Tarde de riego

Losimages-15 pies hundidos en el barro que ha dejado en las acequias el agua de la alberca. Ese agua que había subido durante la noche desde la tierra y que, al caer la tarde, volvía a ella.

Salía de lo profundo y nos llenaba la piel con sus minerales y la bebíamos y estaba helada como la oscuridad.

Y cada tarde regresaba a la tierra tras pasearse por los naranjos y los tomates y se llevaba nuestras risas de ese día.

Y así un día y otro día…

Pasado el tiempo, recuerdo aquellas tardes de verano en el campo y me pregunto: ¿cuándo fue la última tarde de riego?, ¿nos echará de menos el agua?.

 

Un paseo por Cádiz, Cádiz

Llevo media hora andando con la sensación de ir robándole a la gente. Robando sus  gestos, sus andares y sus supuestas historias. O mejor, yo las invento pero ellos me prestan sus caras.

Dejo atrás el Parador y el Parque Genovés y el mar para ir a otro Cádiz.

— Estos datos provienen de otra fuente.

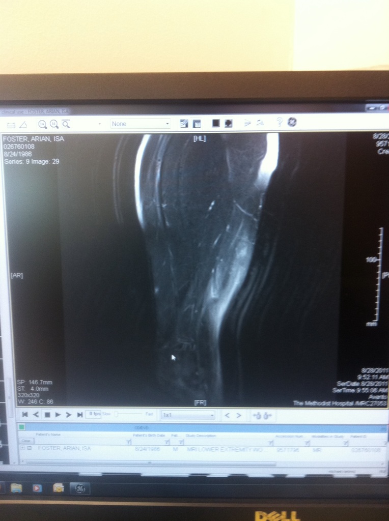 This is an MRI of my hamstring, The white stuff surrounding the muscle is known in the medical world as anti-awesomeness.

En la calle San Rafael me quedo de piedra. Iba pensando ¿y si me encontrara con fulanito?. Y allí estaba. Fulanito es de las personas que más hablan del mundo. Su incontinencia verbal es asombrosa. Afortunadamente tiene prisa así que me libera y sigo andando.

Una ventana con gatos y perros de escayola, un supermercado, tabernas sin mujeres… Ya por Sagasta sigo a unas muchachas que vienen de la playa. Siempre me han llamado la atención estas mujeres de Cádiz. Lord Byron, gran mujeriego, pasó por aquí y dejó escrito que eran de las más hermosas que había visto. Yo no sé si son guapas aunque lo que me gusta de ellas es que andan como si lo fueran. Enseñan sus carnes tostadas sin complejos mientras una pareja de guiris despistados se quedan mirándolas.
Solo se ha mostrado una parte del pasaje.